J’en avais « gros sur la patate » car mon chat me manquait et ma radio aussi. La matinée n’en finissait pas et il a fallu manger à la cantine. J’avais peur des cantinières, elles étaient toutes grosses et elles parlaient fort. Ainsi, profitant d’une occasion où personne ne faisait attention à moi, le portail n’étant pas fermé complètement, je me suis sauvée et j’ai fait plus d’un kilomètre à pieds sous le soleil. Tout cela, pour aller retrouver mon chat et ma radio. A cinq ans, j’avais accompli un « exploit » et, depuis, on m’avait à l’œil… La maîtresse m’a secoué de toutes ses forces et m’a hurlé dessus en disant : « tu es toujours collée dans les jupes de ta sœur » car j’avais dit que c’était pour aller la retrouver que je me suis sauvée.

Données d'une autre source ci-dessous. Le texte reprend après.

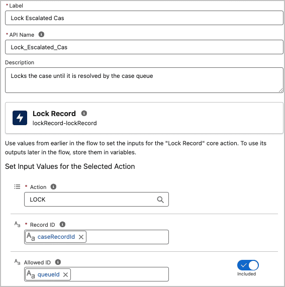 Lock and Unlock Record actions are now available for use in flows. You can use these actions in a flow to prevent records from being edited except for a user, group, or queue specified in the “Allowed ID” input.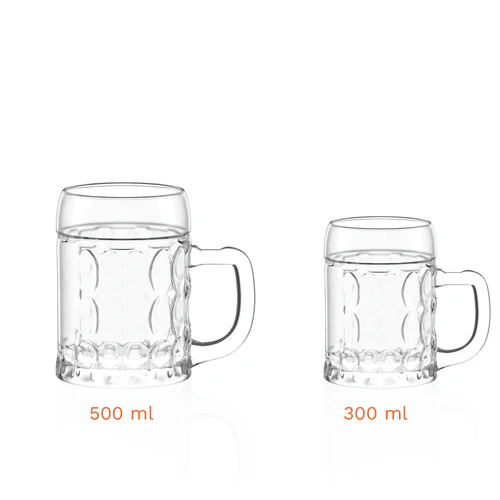 Die vergrößerte Dekorfläche verleiht dem Krug eine kraftvolle, elegante Optik. Der massive Glasboden sorgt für Standfestigkeit, während die integrierte Daumenauflage am Henkel einen besonders sicheren und komfortablen Griff ermöglicht. Die Glasform unterstützt eine stabile Schaumbildung und einen ausgewogenen Biergenuss.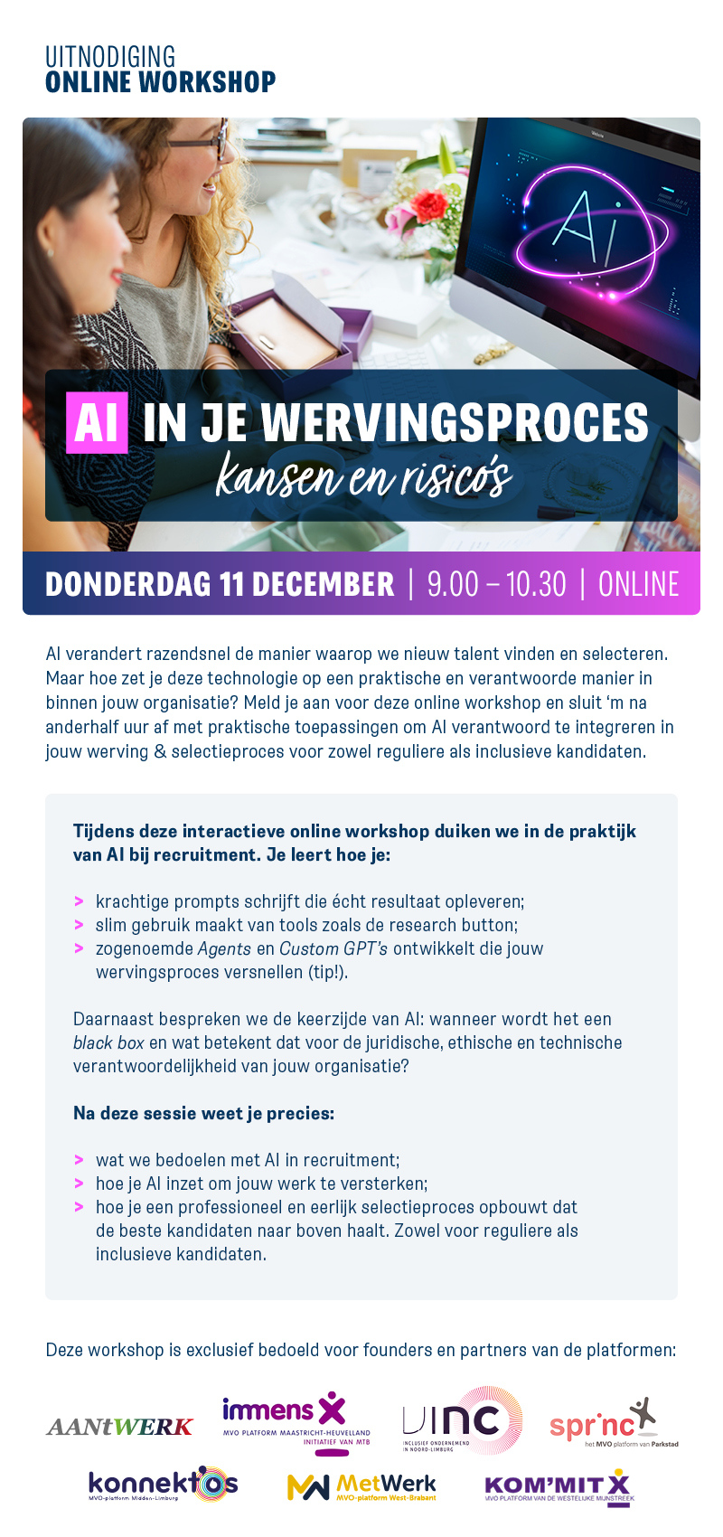 AI verandert razendsnel de manier waarop we nieuw talent vinden en selecteren. Maar hoe zet je deze technologie op een praktische en verantwoorde manier in binnen jouw organisatie? Meld je aan voor deze online workshop en sluit ‘m na anderhalf uur af met praktische toepassingen om AI verantwoord te integreren in jouw werving & selectieproces voor zowel reguliere als inclusieve kandidaten.

J’ai encore le souvenir de sa hargne et de sa colère. Son regard de dragon m’a hanté toute ma vie. Comme entrée en matière, on n’en fait pas mieux. Heureusement que la nounou était douce, gentille et elle sentait bon. Elle a lavé ma petite culotte plus d’une fois car j’avais peur d’aller aux toilettes. Celles-ci ressemblaient à des trônes en bois avec un trou profond qui, pour moi, abritait des fantômes. Souvent, en tenant mon mouchoir pour pleurer, il glissait dans le trou. Je sursautais à chaque fois qu’une élève entrait dans les toilettes d’à côté. J’avais pris l’habitude de me faire pipi dessus, tout simplement pour éviter d’entrer là-dedans. Heureusement qu’en grandissant, on devient plus raisonnable.

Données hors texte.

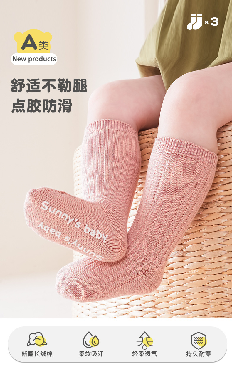 2023 아기 양말 봄과 가을 이중 바늘 면 양말 신생아 유아 미끄럼 방지 시원한 바닥 양말 다리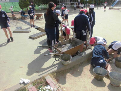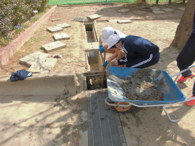 (6年間過ごした学校のために、修繕や美化活動をおこなっています。下の写真は、校庭の側溝の泥をさらっているところです。)

Ma première année d’école s’est à peu près bien passée mais comme j’étais une bonne élève, j’ai provoqué la jalousie de deux petites pestes. Elles ne rataient pas une occasion pour me faire du mal, soit en me tirant les cheveux, soit en me pinçant. Elles craignaient les représailles de ma sœur, alors elles ont vite fait de m’oublier. Pour la fin de l’année, j’ai été récompensée par le premier prix de sagesse, un livre de coloriage avec un cochon rose en couverture. Lors de cette remise de prix, il y avait un spectacle de danses traditionnelles des régions de France. C’est où la Bretagne ? Et la Provence ? Et la Bourgogne ? C’était beau mais je préférais écouter ma radio. Ce défilé de personnes en habits de toutes les couleurs, les foulards, les chapeaux, les dentelles, « très peu pour moi ».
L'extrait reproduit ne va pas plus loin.